The question that was continually asked by the Fathers of the Church and the other great spiritual writers who succeeded them, was not therefore, is God loving us, that was taken for granted and nobody doubted it. The question that they continually tried to answer was, ‘What must we do to receive it?’ This question was first asked by the crowds in response to Peter’s famous sermon on the first Pentecost Day, when he told them that Jesus had risen and was at that moment and at every moment sending out God’s love on all who would receive it. The answer that St Peter gave, in the biblical language that they could understand, was deceptively simple – ‘repent’ he told them, and then you will receive the love of God in return. Now repentance does not just mean turning back to God, but turning back to God with a pure and humble heart.

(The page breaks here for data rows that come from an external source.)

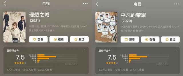 也不是没有想认真讲行业的职场剧,但目前看来,似乎不谈恋爱、不讲精英和不悬浮,也不能拯救国产职场剧。不信看看《理想之城》和《平凡的荣耀》,这两部剧规避了上述所说的问题,也双双在豆瓣开出7.5分的好成绩,但打分人数都没过十万,离真正的“爆款剧”还差N个热搜。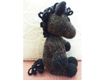 The horse is fairly easy. You can choose to make it all in one color, change the color of just the mane and tail, or add patches and other markings using duplicate stitch on the body, head, and legs. You can also choose between crochet chain loop or fringe stitches for the mane.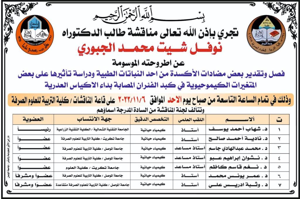 أطروحة دكتوراه في كلية التربية للعلوم الصرفة بعنوان” فصل وتقدير بعض مضادات الأكسدة من أحد النباتات الطبيَّة ودراسة تأثيرها على بعض المتغيرات الكيموحيوية في كبد الفئران المصابة بداء الأكياس العدرية “.نوقشت في كلية التربية للعلوم الصرفة بجامعة الموصل أطروحة الدكتوراه الموسومة ” فصل وتقدير بعض مضادات الأكسدة من أحد النباتات الطبيَّة ودراسة تأثيرها على بعض المتغيرات الكيموحيوية في كبد الفئران المصابة بداء الأكياس العدرية “،اليوم الاحد المصادف 6 تشرين الثاني 2022، حضر جانبا منها السيد عميد الكلية الأستاذ المساعد الدكتور قيس إسماعيل إبراهيم المحترم والسيد رئيس قسم الكيمياء المحترم وعدد من تدريسيي الكلية.تناولت الدراسة التي تقدم بها الطالب نوفل شيت محمد الجبوري في قسم الكيمياء حقن ذكور الجرذان بـــ 2000 رؤيس أولي حي لكل جرذ في المجاميع كلها عدا مجموعة السيطرة السالبة ولمدة ثلاثة اشهر، وبعد تشريحها تبيّن إنَّ الإصابة بالأكياس العدرية ظهرت في نسيج الكلى.تضمَّنت الدراسة أيضاً تنقية أنزيم بولي أمين وأوكسيديز جزئياً من مستخلص كلى ومصل دم ذكور الجرذان المصابة بداء الاكياس العدرية،صممت تجربة ثانية لدراسة تأثير تراكيز مختلفة لمستخلص أوراق نبات البيزيا وعقار البيندازول، إذ حقنت ذكور الفئران بـــ 2000 رؤيس أولي في المجاميع كلها لمدة شهرين ما عدا مجموعة السيطرة السالبة.تم دراسة إمكانية تثبيط مستخلص أوراق نبات البيزيا على أنزيم بولي أمين أوكسيديز المُنقى جزئياً من كلى ومصل دم ذكور الجرذان كذلك دراسة التأثير التثبيطي لعقار البيندازول على فعالية الانزيم المُنقى من كلى الجرذان.كذلك تم الكشف عن المركبات الفينولية الموجودة في مستخلص أوراق نبات البيزيا باستعمال تقنية كروماتوغرافيا السائل_عالي الأداء HPLC.تراس لجنة المناقشة الاستاذ الدكتور شهاب احمد يوسف البجاري من الجامعة التقنية الشمالية /الكلية التقنية الزراعية وعضوية كل من الاستاذ الدكتور نادية احمد صالح / جامعة تكريت /كلية التربية للعلوم الصرفة, الاستاذ المساعد الدكتور محمد عبد الهادي جاسم، الاستاذ المساعد الدكتور نشوان ابراهيم عبو؛ الاستاذ المساعد الدكتور نغم قاسم كاظم من جامعة تكريت/ كلية العلوم وبإشراف وعضوية كل من الاستاذ الدكتور عمر يونس محمد والاستاذ الدكتور وثبة ادريس علي.وتم قبول أطروحة الدكتوراه فالف مبروك للطالب والمشرفين والكلية على هذا الإنجاز العلمي.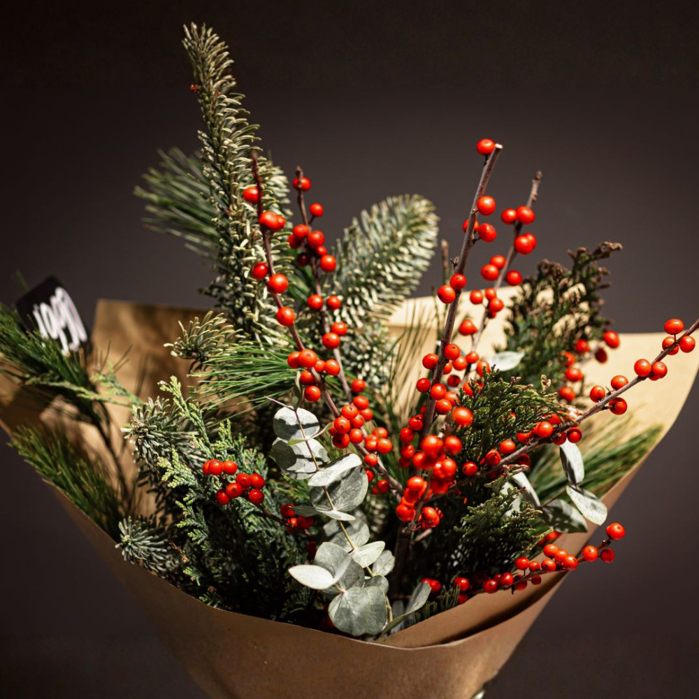 Букет из душистого нобилиса, сосны и свежего эвкалипта — это чистый аромат зимнего леса, собранный в одном нежном, воздушном объятии. Яркие ягодные акценты илекса (падуба) или гиперикума добавляют композиции праздничного настроения и делают букет выразительным, жизнерадостным и очень новогодним.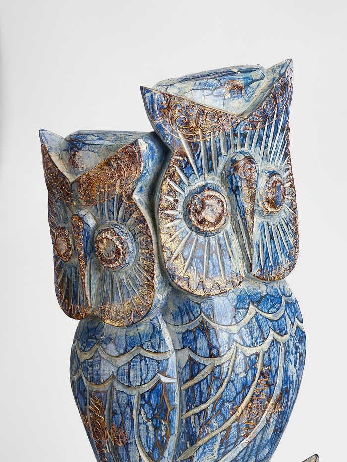 Деревянные совы на ветке — это лаконичный элемент декора, который добавляет уют в интерьер. Фигурка высотой 60 см выполнена в голубом цвете и подходит для любого пространства: от спальни до офиса. Изделие станет самостоятельным акцентом на полке, комоде или подоконнике.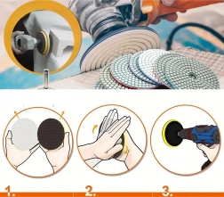 Využijete ich pri práci s gresovou dlažbou, keramikou, prírodným kameňom, mramorom a žulou. Hodia sa na hrany aj rovné plochy, pre dielne, montáže aj renovácie. Kompatibilné s bežnými uhlovými brúskami a leštičkami s príslušným unášačom.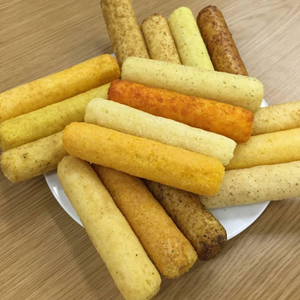 本生產(chǎn)線改變生產(chǎn)工藝流程可以生產(chǎn)夾心米果、米餅、芝麻棒、麥燒、醬油餅等產(chǎn)品。也可用于生產(chǎn)直接膨化型小食品,芝士球、玉米棒、麥香雞塊等產(chǎn)品;本生產(chǎn)烘干機(jī)有電熱型和燃?xì)庑涂晒┻x擇,根據(jù)產(chǎn)能大小合理設(shè)計(jì)烘干機(jī);調(diào)味設(shè)備有單滾筒調(diào)味機(jī),雙滾筒調(diào)味機(jī)、稱重式雙頭八角調(diào)味機(jī)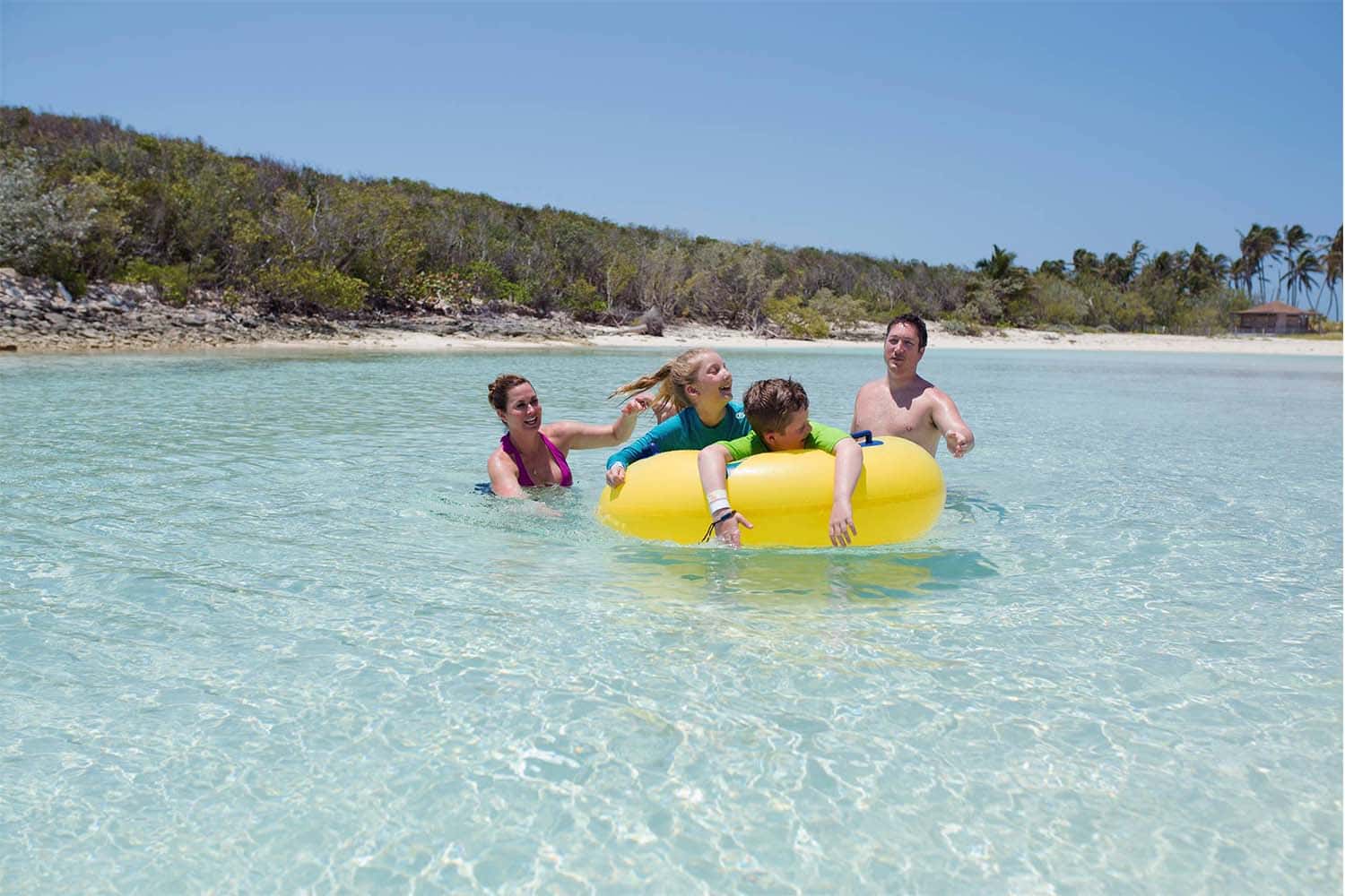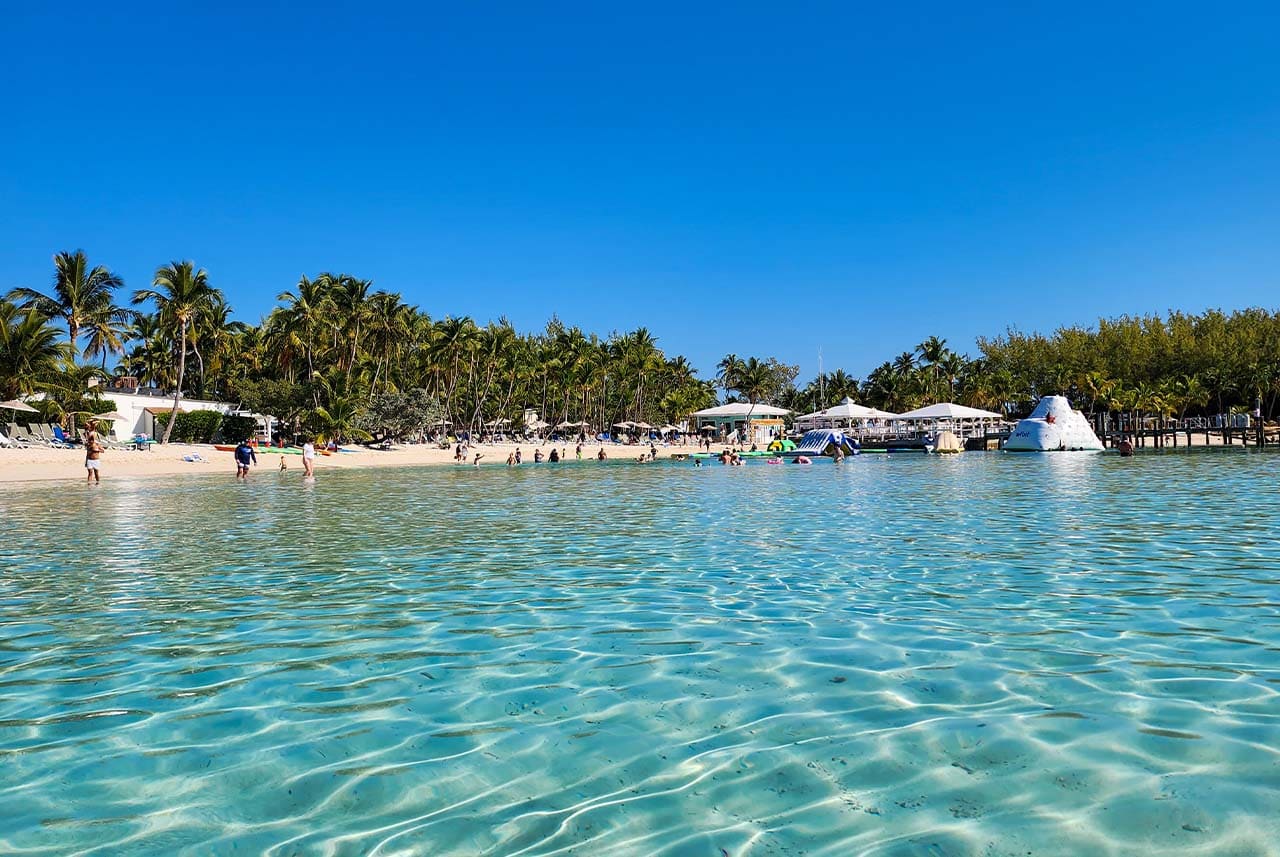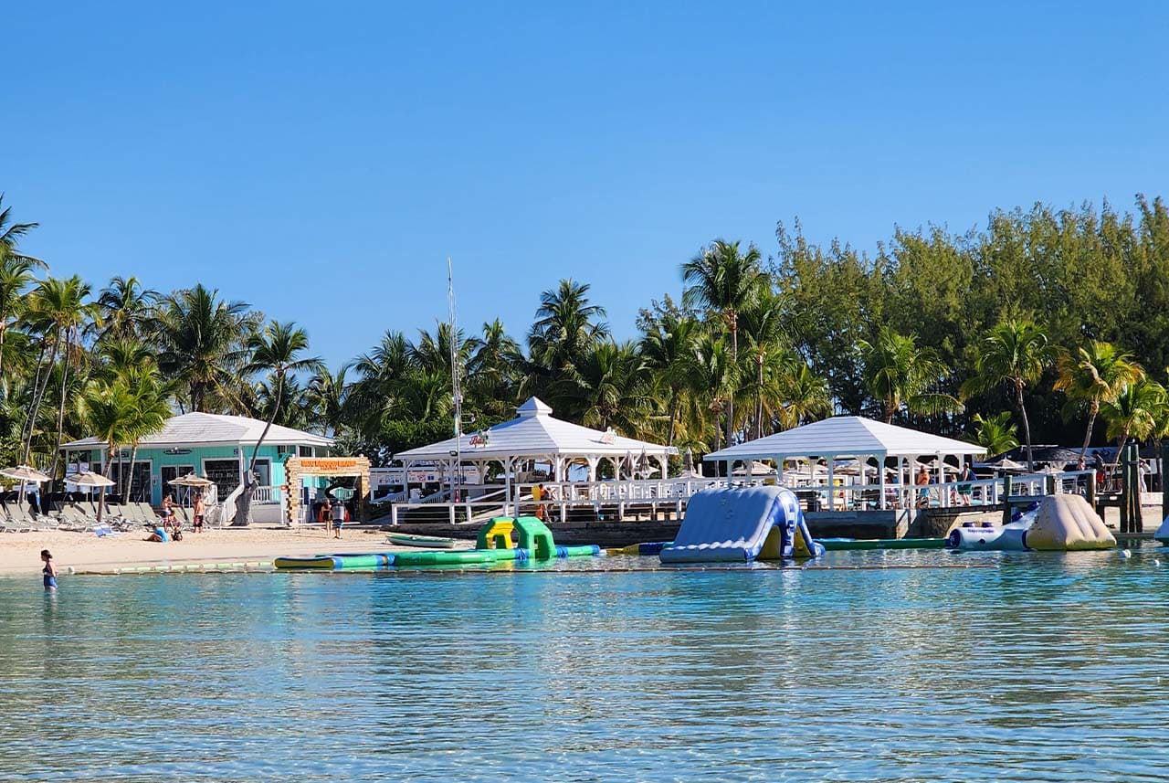Disfrute de la hermosa playa de la Laguna Azul, una de las islas más populares y bonitas de Las Bahamas. ¡Tenemos la laguna más hermosa que jamás hayas visto! Disfrute chapoteando en el parque acuático inflable o traiga su propio equipo de snorkel para explorar el paisaje submarino. Flote en uno de los neumáticos de cortesía o alquile un kayak para una exploración más aventurera.

Then his Divine Loving can firstly become his Divine Mercy for without his loving forgiveness he cannot enter further to make his home within us, as promised at the Last Supper.
Just as the word love means loving in the Gospels, so the word repent means repenting, for if it is to be effective, it must be continual, because we are continually falling. At the beginning of human loving, lovers reveal themselves to one another, ‘warts and all’. This is to make sure that neither are deceived by externals and that they both seek the understanding and the forgiveness that reassures them that their mutual love is the real thing. If it is, love can continue as preparation for making a home together. However as every married lover knows well enough, the faults and failings that were once forgiven do not go away, but return again and again through even the best of marriages, and so therefore does the need for forgiveness and mercy that was so readily shared with one another at the outset.
It is exactly the same with God. At the beginning of the year of Divine Mercy we might respond to him like never before, and make a sincere resolution to begin again, but our human weakness will inevitably mean that we will nevertheless falter and fall time and time again. So we must have the humility to repent and turn back to God to receive his Divine Mercy, time and time again too. Only arrogance and pride will tempt us to question the infinite mercy of God that never fails. Keep in mind, the words of an old hermit, who once said to me, –“When you stop falling you are in heaven, but when you stop getting up you are in hell!”